* _Your assignment_: Would you return, word for word, the lines running from the one with "- Fresh flowers" to the final line of the listing below, pictures omitted?

Supplied information below:

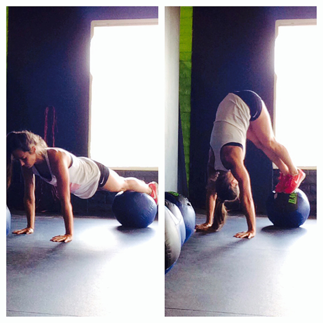 Start in a plank position with feet on the ball, shoulders, elbows, wrists all in line. Using your feet, roll the ball towards you, piking your butt up into the air and looking at your belly button, return to starting position. Make sure to not let the hips drop and think about pulling your bellybutton to spine.
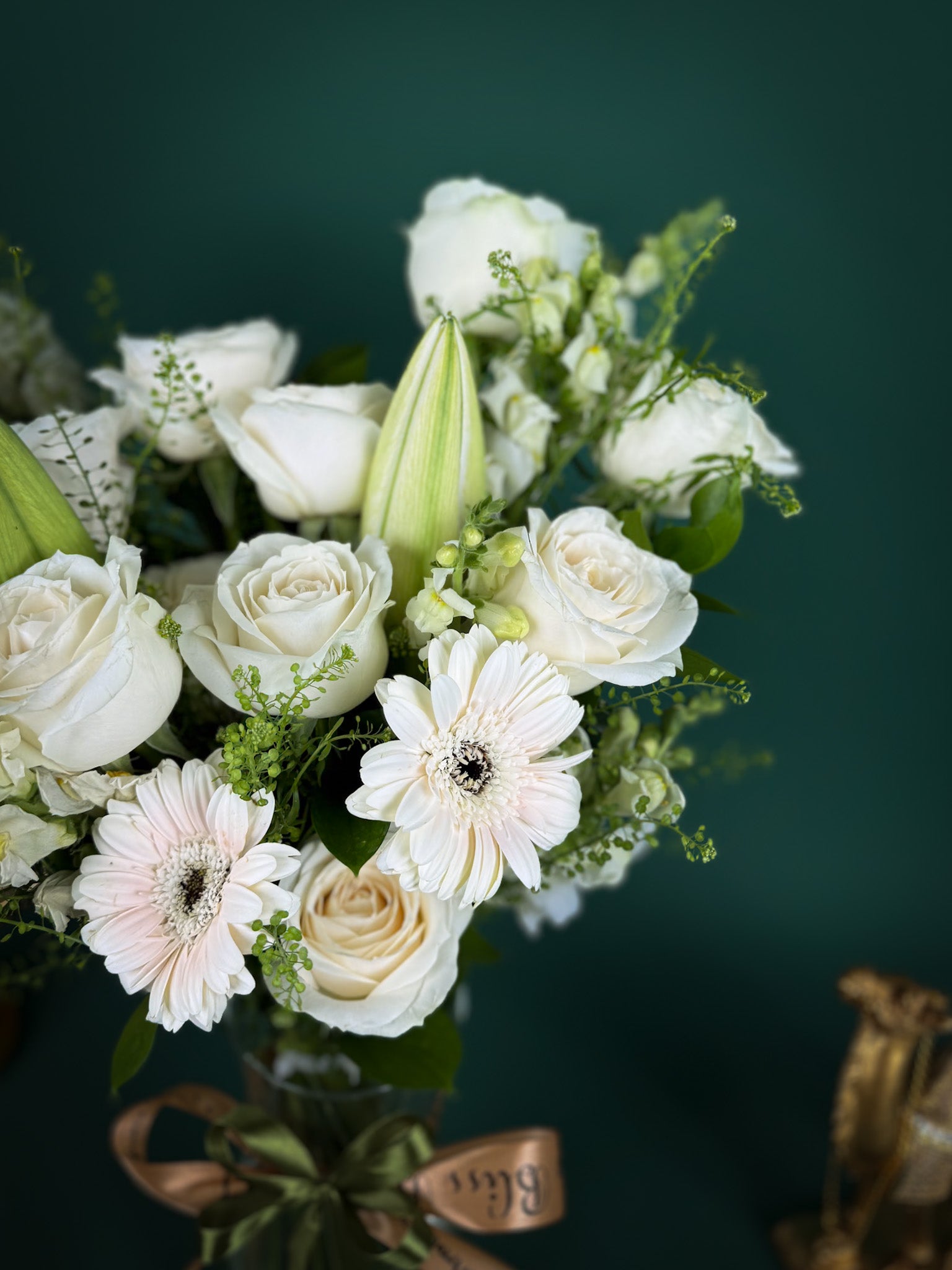 - Fresh flowers arrangement: lily, white rose, gerbera daisy, snapdragon, and fillers
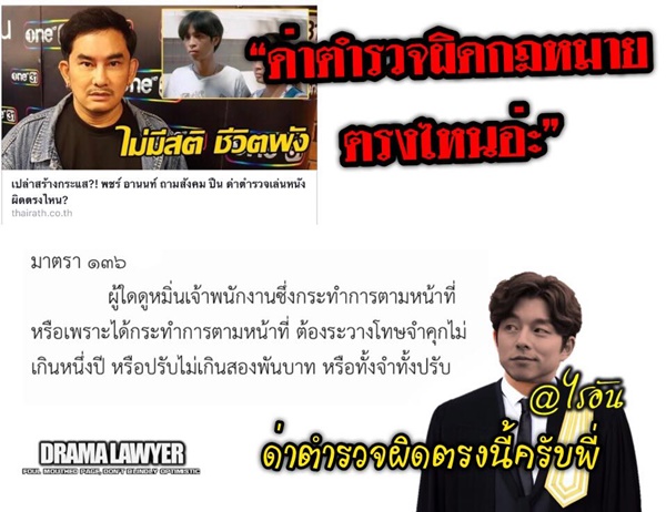 เพจกฎหมาย ตอกกลับ พชร์ อานนท์ ปมจ้าง ปืน เล่นหนัง ระบุด่าตำรวจผิดตรงไหน เจอยกมาตรา 136 มาให้ดูชัด ๆ

End of Supplied information.

* _Reply_:
 - Fresh flowers arrangement: lily, white rose, gerbera daisy, snapdragon, and fillers
 เพจกฎหมาย ตอกกลับ พชร์ อานนท์ ปมจ้าง ปืน เล่นหนัง ระบุด่าตำรวจผิดตรงไหน เจอยกมาตรา 136 มาให้ดูชัด ๆ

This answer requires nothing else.